In 2012 he was invited to give a series of speeches by the anti-multiculturalism group the Q Society, but his visa application stalled and he was forced to cancel the tour. The delay was due to the Dutch politician being on the Movement Alert List, a database of people of concern to Australia.

He ultimately secured a visa but his 2013 visit to Australia sparked protests. Wilders was vilified in the media not only for trying to warn that Islam as an ideology is a menace to contemporary Western values and freedoms but also for exercising the fundamental right to freedom of speech.

In Perth he was accompanied by WA Police’s dignitary protection unit and a venue where he was due to speak cancelled his booking.

Last week, the department cancelled the visa of American anti-abortion campaigner Troy Newman on concerns about community safety and good order.

The High Court hearing to determine whether Newman would be deported specifically noted concerns the campaigner’s presence in Australia could lead to violent protests like those seen in the United States.

Immigration minister Dutton brushed aside concerns Wilders’ visit to Australia would stir up similar protests, saying delegates from his department take those issues into account.

“They will have a look at the whole history. They will do what is in our best national interest in terms of granting or denying a visa. That is the decision that was made.”

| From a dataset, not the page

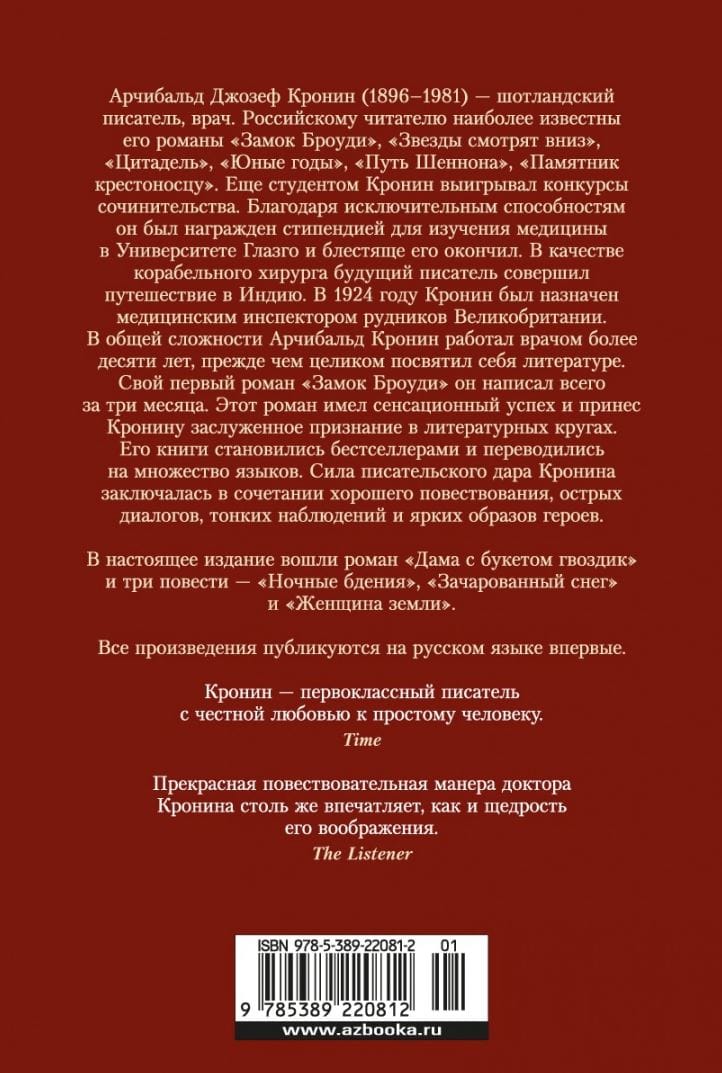 За миниатюру Гольбейна, известную как «Дама с букетом гвоздик», разворачивается настоящее сражение на лондонском аукционе. Кэтрин Лоример удается обойти соперников, однако вместо триумфа она чувствует тревогу и опустошенность. Затея с миниатюрой — это огромная авантюра, и если она не удастся, Кэтрин окажется на грани разорения. К тому же Кэтрин одинока: самый дорогой ей человек, племянница, вскоре выйдет замуж и покинет ее. Портрет красивой, но несчастной женщины завораживает новую владелицу… Но не случится ли так, что она сама повторит судьбу гольбейновской модели? Помимо романа «Дама с букетом гвоздик», в сборник вошли три повести известного писателя — «Ночные бдения», «Зачарованный снег» и «Женщина земли».

The manifesto of the new party, which will be launched on Tuesday, 20 October in Perth, is summed up this statement on its website:

‘Our Australia stands for individual liberty, small government, Western values, social fairness and an integrated multi-ethnic society. Our Australia has no place for big government, racism, moral relativism, divisive multiculturalism or tolerance for the intolerant. Migrants do not dream of a new life in Australia because we are a Socialist, Islamic or tribal society. Migrants come for the freedom, justice and prosperity only Western civilisation creates.’